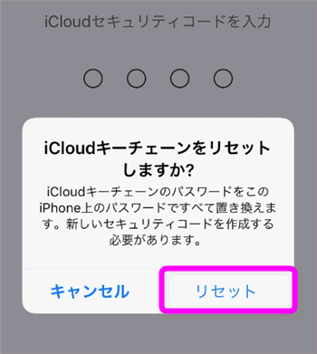 するとほんとうにiCloudキーチェーンをリセットしていいか聞いてくるので、「リセット」をタップします。
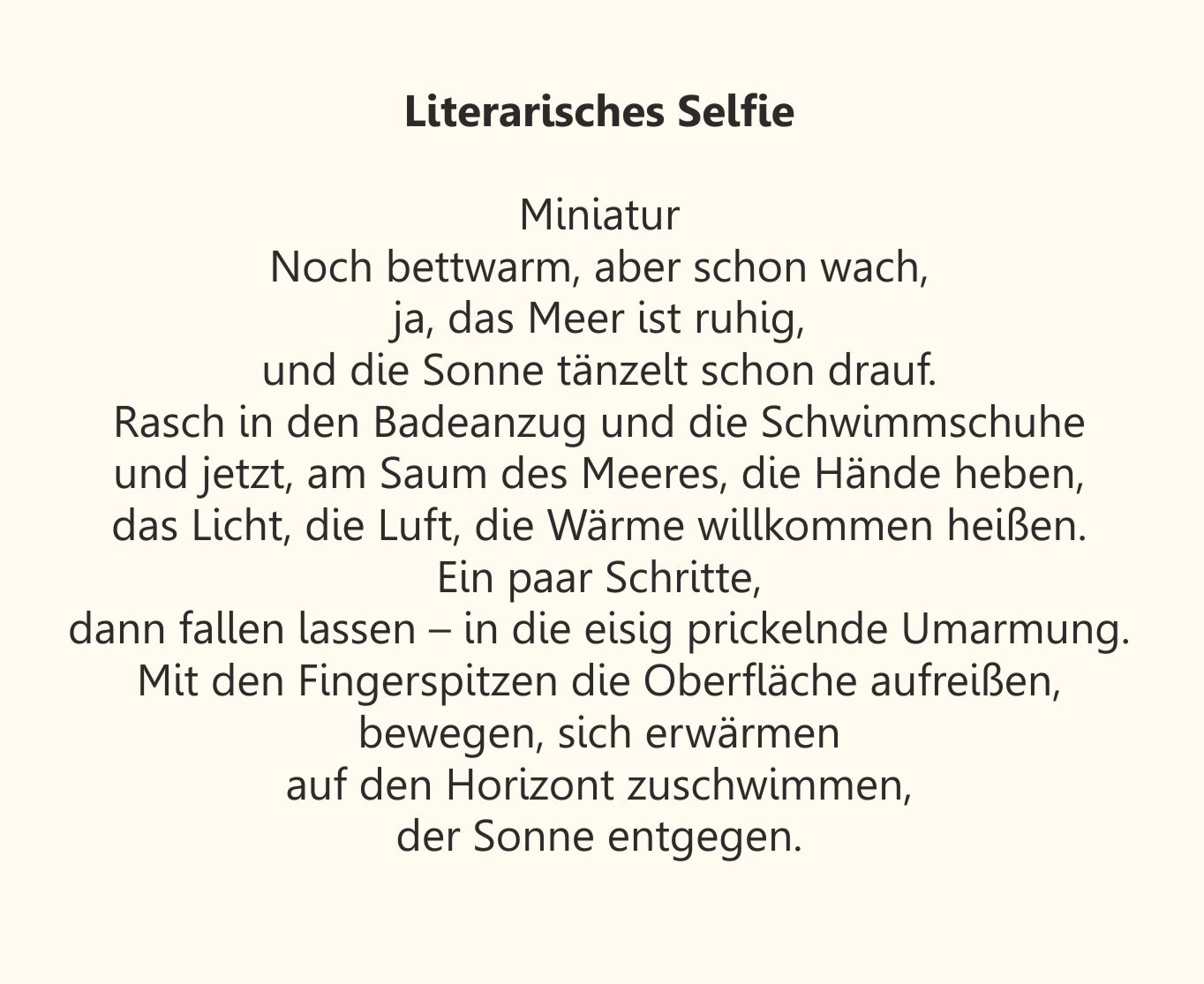 Was ist ein „Literarischen Selfie“? Gertie Wagerer weiß mehr darüber zu berichten: „Sicher kennen Sie auch diese Momente, in denen alles stimmt – innen und außen. Gipfelerlebnisse nannte es Abraham Maslow. Manchmal fallen sie mit bedeutsamen biografischen Ereignissen zusammen: jemand hält um Ihre Hand an, die Prüfung ist geschafft, der Berg bezwungen. Es können aber auch scheinbar ganz unbedeutende Gelegenheiten sein, bei denen jemand wie ich, der gerne fotografiert, die Kamera zücken möchte und zugleich weiß, das Wesentliche kann das Bild nicht festhalten: das Schwingen in der Bauchgegend, den Duft der Föhren, die Gedankenblitze im wohlig-förderlichen Gespräch. Da kam mir die Idee, das doch schreibend festzuhalten und ich nenne diese Momentaufnahmen: „literarische Selfies“. Weiterlesen ...
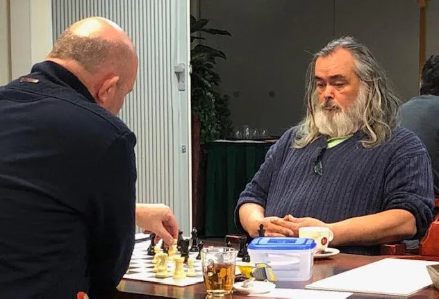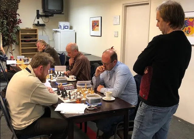 De stand in de kampioensgroep: 1. Hiemstra en Westra, 1,5 punt. 3. Mark de Graaf, Jan Lambrechts en Gerard de Hoop, 1 punt. 6. Bas West, 0 punten.
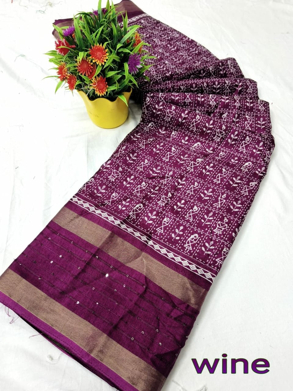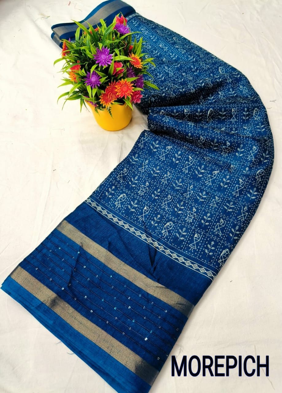 Name : Dola Jequard Border Digital Printed saree with printed beautiful Art Work With Blouse

**Task**
Starting at the line that holds "De stand in", copy each line exactly through the end of the material above, keeping both ends and dropping the pictures.

**Answer space**
 De stand in de kampioensgroep: 1. Hiemstra en Westra, 1,5 punt. 3. Mark de Graaf, Jan Lambrechts en Gerard de Hoop, 1 punt. 6. Bas West, 0 punten.
 Name : Dola Jequard Border Digital Printed saree with printed beautiful Art Work With Blouse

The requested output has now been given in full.